Silver Borne by Patricia Briggs

Silver Borne is the fifth book in the Mercy Thompson series. I have a strong suspicion it's the last--or that it should be the last. I doubt Briggs's publisher is ready for her to stop the series. Hell, even I'm reading them and werewolves bore me solid.

Mercy Thompson isn't a werewolf, of course, which is the only reason I picked up the first book in the series, Moon Called. She's a skinwalker who can turn into a coyote. Her boyfriend's a werewolf, though, and the series is basically all about Mercy coming to terms with being a non-werewolf who's not just part of a werewolf pack, she's the pack leader's mate.

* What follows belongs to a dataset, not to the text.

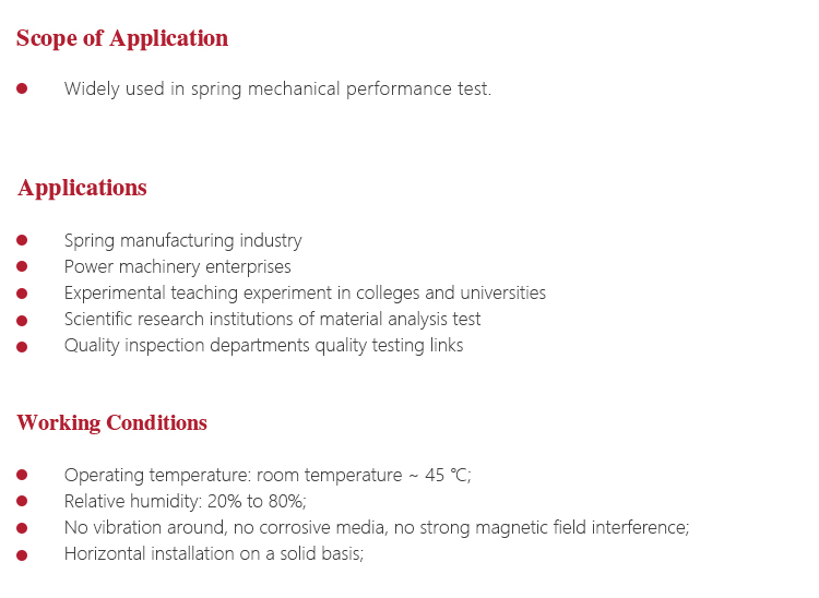 Instrument Featuresl Widely used in spring manufacturing, low-voltage electrical appliances, power machinery, institutions of higher learning and

While this book is nominally about a fae artifact that Mercy has borrowed and that some people want to take from her, the artifact is really just a maguffin. The book is really about Mercy finding and accepting her place among the pack. That also happens to be the theme of the previous four books. It's getting a little bit repetitive.

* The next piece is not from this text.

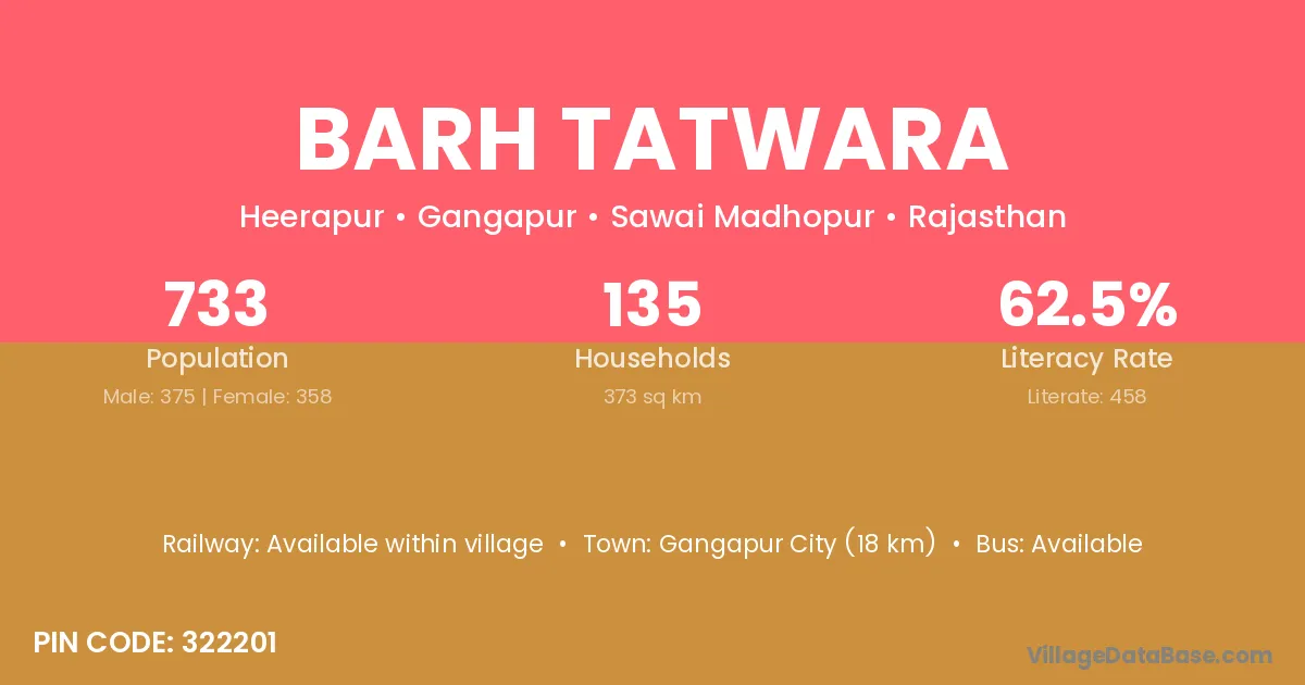 Gangapur City (18 km) is the nearest town to Barh Tatwara village for major economic activities and is located approximately 18 km away.

I was glad for the closure this book gave, but I was annoyed at the things that were left out. Mercy transforms into a coyote exactly once in this book, toward the beginning. After that she might as well have been a regular old human. And while the series has tended to have a vampire book followed by a fae book followed by a vampire book, it was pretty glaring to me that the important vampire characters are barely mentioned, and then only in passing--Mercy happens to remark that she hasn't seen Stefan in months. It's an odd way to compartmentalize the various aspects of the world Briggs has built, when every reader knows that mixing things up is way more fun. I'd have loved to see how Stefan dealt with the fairy queen. Instead, not even the werewolves had much of a role.

In fact, no one had much of a role, mostly because, as I said, this was a book about the pack, not about the fae trying to trick Mercy into giving up the maguffin. The big climax was neither. It was mostly told in flashback, in fact, which is infuriating. Most of the book is taken up with arguments, discussions, and a few fights among the werewolves.

The main theme of the series, Mercy having to accept being controlled and losing her autonomy, has always squicked me, and I'm getting less and less tolerant of the ways Briggs shoves it down the reader's throat. It's getting to the point that I sometimes feel like I'm reading a treatise on the pleasures of masochism. Upon reflecting on the entire series as it stands, I see that Mercy Thompson has gone from being a strong, independent, interesting character at the beginning of the series to a wobbly-legged, fearful woman who accepts being subsidiary to her mate and is easily manipulated by others.

So you know what? I don't care if there is another book in the series. I'm done.